The Story: AIG Outrage Threatens to Deplete Obama's Political Capital
My Take: Obama didn't realize soon enough how ineffective and powerless allowing these bonuses would make him and his administration look. He needs to win this fight.

The Story: Some States Want to Buck Obama on Stem Cell Research
My Take: Obama's executive order was a major setback in the Right's War on Science. This is an attempt by those longing for an Age of Dis-Enlightenment to do an end run against him -- and against the will of the majority of Americans.

The Story: The Pope Claims that Condoms Make the AIDS Crisis Worse
My Take: No matter how overwhelming the evidence, there are always a few true believers who just won't admit they're wrong. To have Pope Benedict leading the flat-earth anti-condom chorus while flying to a place where 22 million people are infected with HIV boggles the mind.

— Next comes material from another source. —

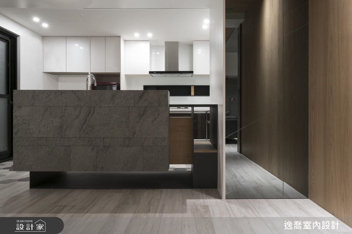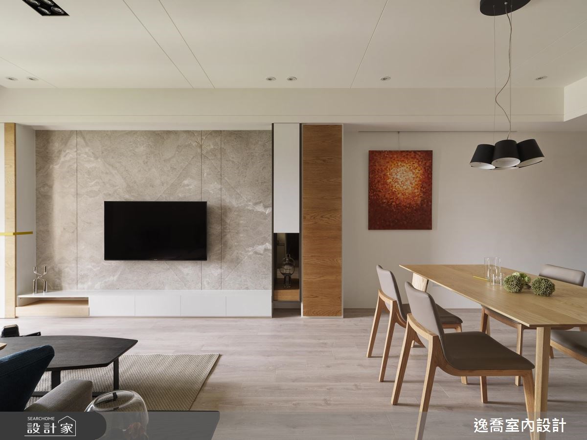 來自逸喬室內設計的35坪現代風住宅案,是一間新成屋(5年以下)的兩房格局,設計師藉由建材以大理石、胡桃實木、海島型胡桃木地板、不鏽鋼、仿水泥特殊漆、灰鏡的搭配應用,實現一家人的理想生活。

The Story: Facing Budget Cuts, Philadelphia Considers Legalizing Marijuana
My Take: Incarceration of non-violent drug offenders does not improve public safety. Treatment and accountability do. We need to rethink America's war on drugs, which has increasingly become a war on young people of color -- especially in these desperate economic times.

The Story: A Profile of Geoff Canada and The Harlem Children's Zone
My Take: Ever since Geoff Canada returned to Harlem with a master's from Harvard and a third-degree black belt, he's been fighting a block-by-block and child-by-child battle against poverty, drugs, gangs, and indifference. Through the Harlem Children's Zone, he's turned around lives while reminding America that we have, in too many ways, and in too many places, failed our children. He's a hands-on hero.